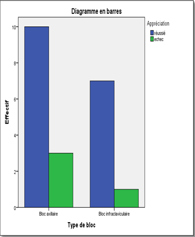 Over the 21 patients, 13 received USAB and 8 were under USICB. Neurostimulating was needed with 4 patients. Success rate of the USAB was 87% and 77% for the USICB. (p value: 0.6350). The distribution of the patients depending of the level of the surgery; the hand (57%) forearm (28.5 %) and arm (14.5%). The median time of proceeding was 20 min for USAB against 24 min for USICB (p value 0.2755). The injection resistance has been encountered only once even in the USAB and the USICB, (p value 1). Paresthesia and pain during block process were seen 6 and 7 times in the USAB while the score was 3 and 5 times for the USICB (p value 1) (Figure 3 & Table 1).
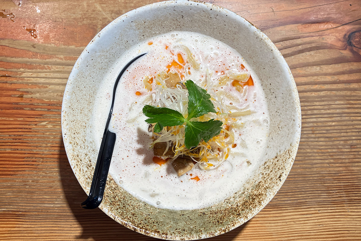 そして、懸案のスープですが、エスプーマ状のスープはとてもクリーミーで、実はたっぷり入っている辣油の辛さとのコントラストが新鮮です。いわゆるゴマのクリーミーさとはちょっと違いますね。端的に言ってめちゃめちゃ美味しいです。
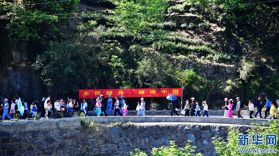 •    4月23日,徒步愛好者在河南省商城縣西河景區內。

....

• Exercise instructions: Word for word, restate all of the data, but do not copy the pictures.

• Expected output:
 Over the 21 patients, 13 received USAB and 8 were under USICB. Neurostimulating was needed with 4 patients. Success rate of the USAB was 87% and 77% for the USICB. (p value: 0.6350). The distribution of the patients depending of the level of the surgery; the hand (57%) forearm (28.5 %) and arm (14.5%). The median time of proceeding was 20 min for USAB against 24 min for USICB (p value 0.2755). The injection resistance has been encountered only once even in the USAB and the USICB, (p value 1). Paresthesia and pain during block process were seen 6 and 7 times in the USAB while the score was 3 and 5 times for the USICB (p value 1) (Figure 3 & Table 1).
 そして、懸案のスープですが、エスプーマ状のスープはとてもクリーミーで、実はたっぷり入っている辣油の辛さとのコントラストが新鮮です。いわゆるゴマのクリーミーさとはちょっと違いますね。端的に言ってめちゃめちゃ美味しいです。
 •    4月23日,徒步愛好者在河南省商城縣西河景區內。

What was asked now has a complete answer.